2.3. Heuristic Algorithms

Heuristic algorithms are based on the intuitive and empirical design. Several new heuristics for solving the one-dimensional bin packing problem are presented [39]. Coffman and Garey [10] reviewed various heuristic algorithms, such as NF (Next Fit), FF (First Fit), BF (Best Fit), and WF (Worst Fit) [23]. These are typical online packing algorithms [40, 41] and are called as fit algorithms. Their corresponding offline packing algorithms are NFD [24], FFD, BFD, and WFD [23], which differ significantly from online packing algorithms in which offline algorithms rely on overall information for sorting. The fit algorithms, for example, FF, WF, and BF, give priority for further packing to the bins that have already been packed with items, and a new bin will be activated only when there are no suitable nonempty bins for the current item. The strategy adopted by the fit algorithms ensures that each arriving item can always find a bin to be accommodated. However, it cannot guarantee that the item is the target item for optimum solution under the current situation. To address the issue, Cupta and Ho [14] proposed MBS, which mainly centered on bins and tried its best to find the collection of items that fill the bins. One problem with this method is that its sequence selection strategy often falls in the local region of the input space, which makes it hard for accurate estimation of the slack. Thus, it may result in a locally optimal solution. To solve the above problems, some methods have been proposed. Fleszar and Hindi [42] found that one effective hybrid method integrated perturbation MBS’ and a good set of lower bounds into variable neighbourhood search (VNS), so as to improve its ability in reasonably short processing times. However, due to the complexity and uncertainty of combinatorial optimization problems, heuristic algorithms that rely on empirical criteria are not always reliable.

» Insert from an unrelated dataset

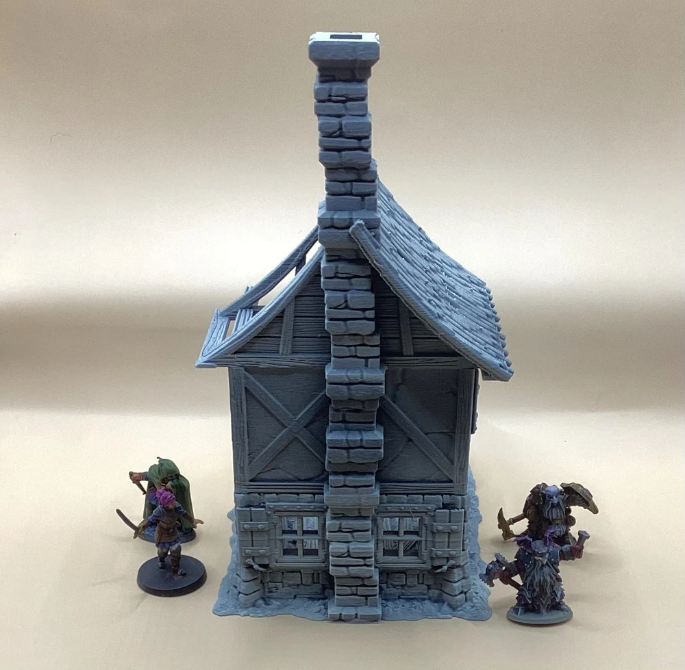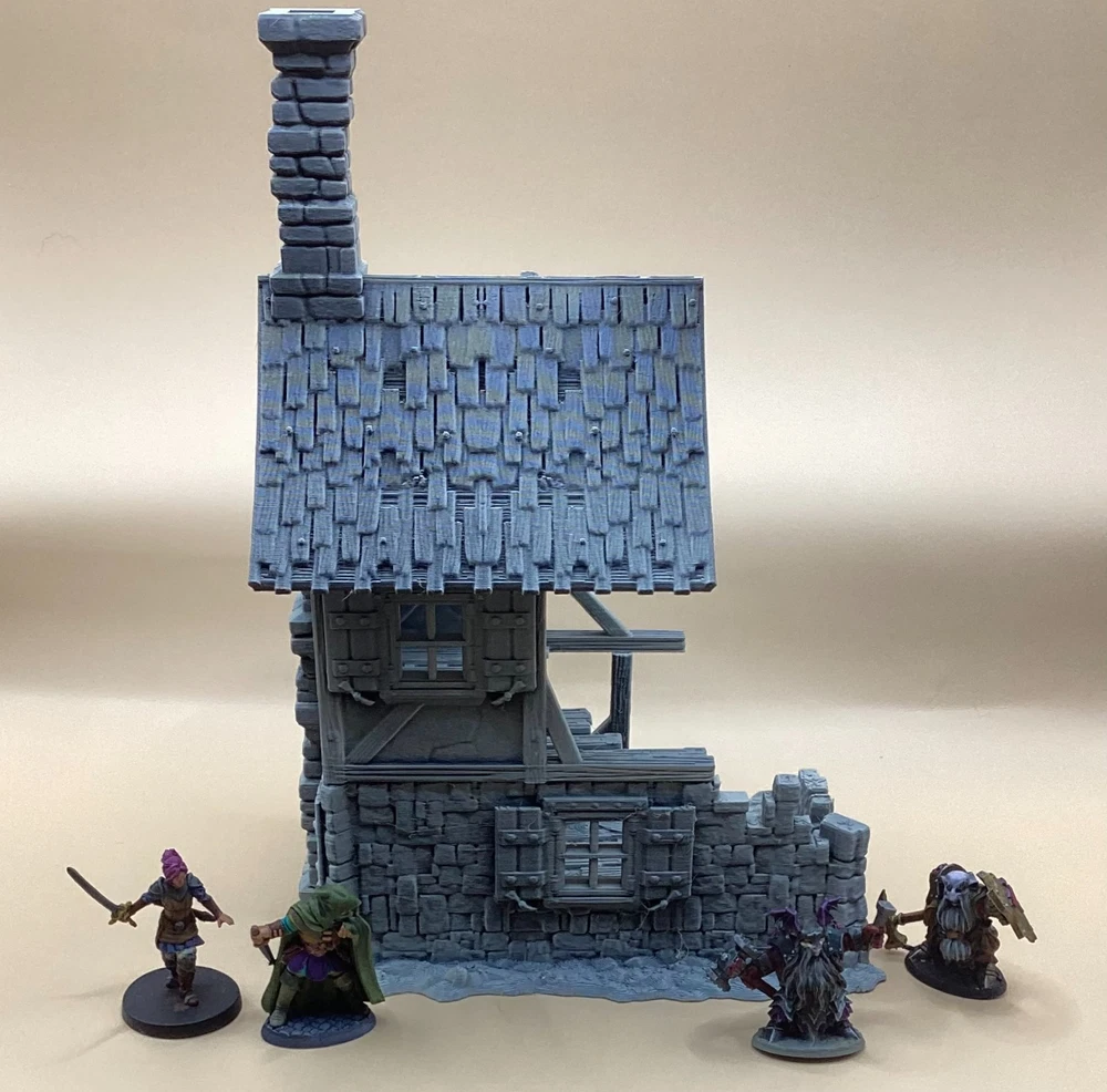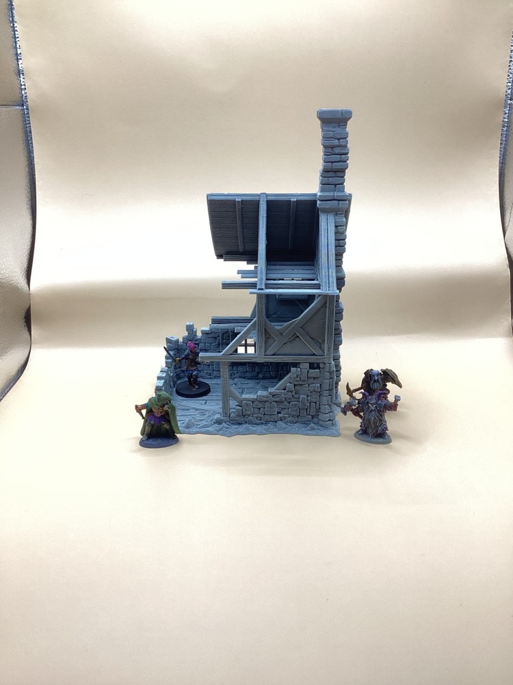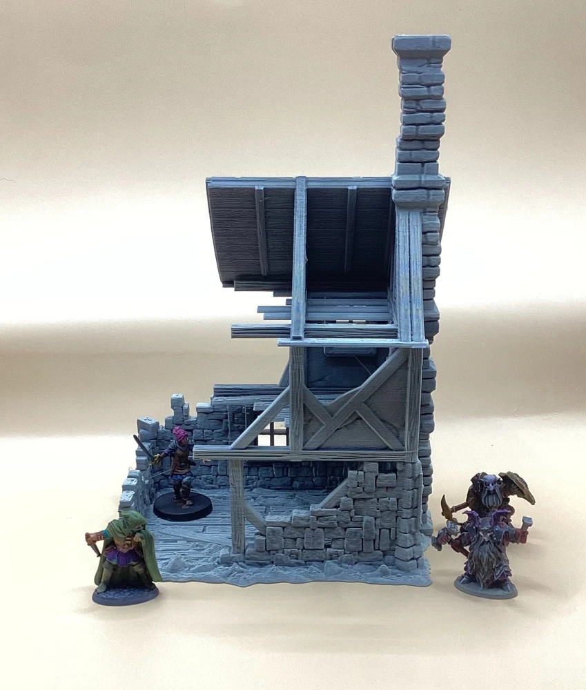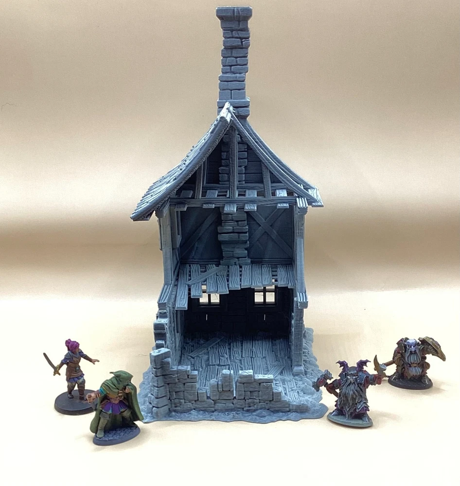 Note: Set is delivered unpainted in Grey or Black PLA. Pictures shown in listing that are painted are only for demonstration purposes. If you have any questions regarding assembly of this item, please message me for additional detail. Minis for reference are 28mm scale. This 3d printed ruined house is perfect for tabletop roleplaying games and scenery. It's a great addition to any miniature or war game collection. The intricate details and high-quality printing make it a must-have for any fantasy enthusiast. The house is ideal for creating a unique and exciting atmosphere for your games whether in a spooky horror setting, an abandoned village, or one that's under attack. This tower covers 3 floors, comes in 3 pieces and we have variants for28mm and 32mm miniatures. Returns are accepted if the item does not match the listing description or is not accurate as advertised. If you have any questions or concerns please contact me. Accreditation Designer: 3dpforU Check them out on myminifactory. https://www.myminifactory.com/users/3dpforu I am a licensed printer of 3dpforU

2.4. Metaheuristic Algorithms

Metaheuristic algorithms are widely used to find optimal solutions for solving problem of BPP. Early typical representatives include genetic algorithms [28] and simulated annealing algorithms [29]. The former is a promising tool for the BPP and one significant improvement is mainly used: grouping genetic algorithms (GGAs). Dokeroglu and Cosar [43] proposed a set of robust and scalable hybrid parallel algorithms. In GGA-CGT (grouping genetic algorithm with controlled gene transmission) [44], the transmission of the best genes in the chromosomes was promoted while keeping the balance between selection pressure and population diversity. Kucukyilmaz and Kiziloz proposed island-parallel GGA (IPGGA) in [45]. It realized the choice of communication topology, determined the migration and assimilation strategies, adjusted the migration rate, and exploited diversification technologies. Crainic et al. [46] proposed a two-level tabu search for the three-dimensional BPP by reducing the size of the solution space. Kumar and Raza [47] incorporated the concept of Paretos optimality for the BPP with multiple constraints and then proposed a family of solutions along the trade-off surface. However, due to the lack of particle diversity in the later stage of genetic algorithms as well as PSO algorithms, premature convergence always occurs [28].

2.5. RL-Based Methods

Machine learning has been extensively studied to resolve the NP-hard BPP by scholars in recent years. Ruben Solozabal’s model tackled the BPP with RL. It trained multistacked long short-term memory cells to perform a recurrent neural network agent, which could embed information from the environment. The performance of the model was just comparable to the FF algorithm when introducing neural network overhead. Inspired by Pointer Network [48], a deep learning technology was successfully applied to learn and optimize the placing order of items [32], solved the classic TSP problem [33], and tackled the 3D BPP. These methods utilized RL to ensure the solution would not converge to local optimum, while they attempted to exploit neural networks [49] in the RL to solve the BPP, which increased the computational cost and time complexity. Heuristic algorithms rely on empirical criteria to consider predetermined strategies and ignore the dynamic exploration of the global data space in BPP. RL-based methods can intelligently mine data information from the environmental space through trial and error. Perhaps, it can help the existing heuristic algorithms to fully explore the effective information in the sample space, which inspired our method.

3. Formulation of the BPP

The classic one-dimensional BPP is formalized as follows. It is assumed that there are n items to be packed into bins with equal capacity . The general objective is to find a packing way to arrange all items with the minimum number of bins, of which the formal mathematical description can be defined as :

Therein, represents the indicator whether the th bin is used or not. A value of 1 indicates that the bin is used, and a value of 0 indicates that it is not used. Note that once the bin is used, the total load of the items placed in cannot exceed the capacity of . Thus, we havewhere means the load of the th item and is an indicator whether the th item is packed into the th bin or not. Especially,  = 1 if the th item is placed into the th container, otherwise  = 0. Furthermore, an equally fundamental constraint is that each item is just placed into one bin:

The detailed explanation of parameters for the formalization is defined in Table 1.

4. Design of RBF

In this section, the design of the proposed RBF framework is presented. First, the overview of the RBF is outlined, and then, the details of its key components, such as the RL-system, the reinforced-MBS strategy, and the instance mapping process, are presented.

4.1. Overview

The classical MBS algorithm follows two steps:(1)Utilize lexicographic search optimization procedure [14], also referred as the algorithm, to find the item set that should be allocated to the bin (2)Utilize Step 1 to traverse all items to be packed and the minimum bin slack is , where is the load of the packed th item

The steps above means that the slack is utilized to jump out of the optimal local trap randomly in the classical MBS algorithm, while the exact distribution of the sample space is ignored. To resolve the instability of the random slack, a new bin packing framework, RBF, is presented, where the slack is learnable and adjusted according to the samples’ structure.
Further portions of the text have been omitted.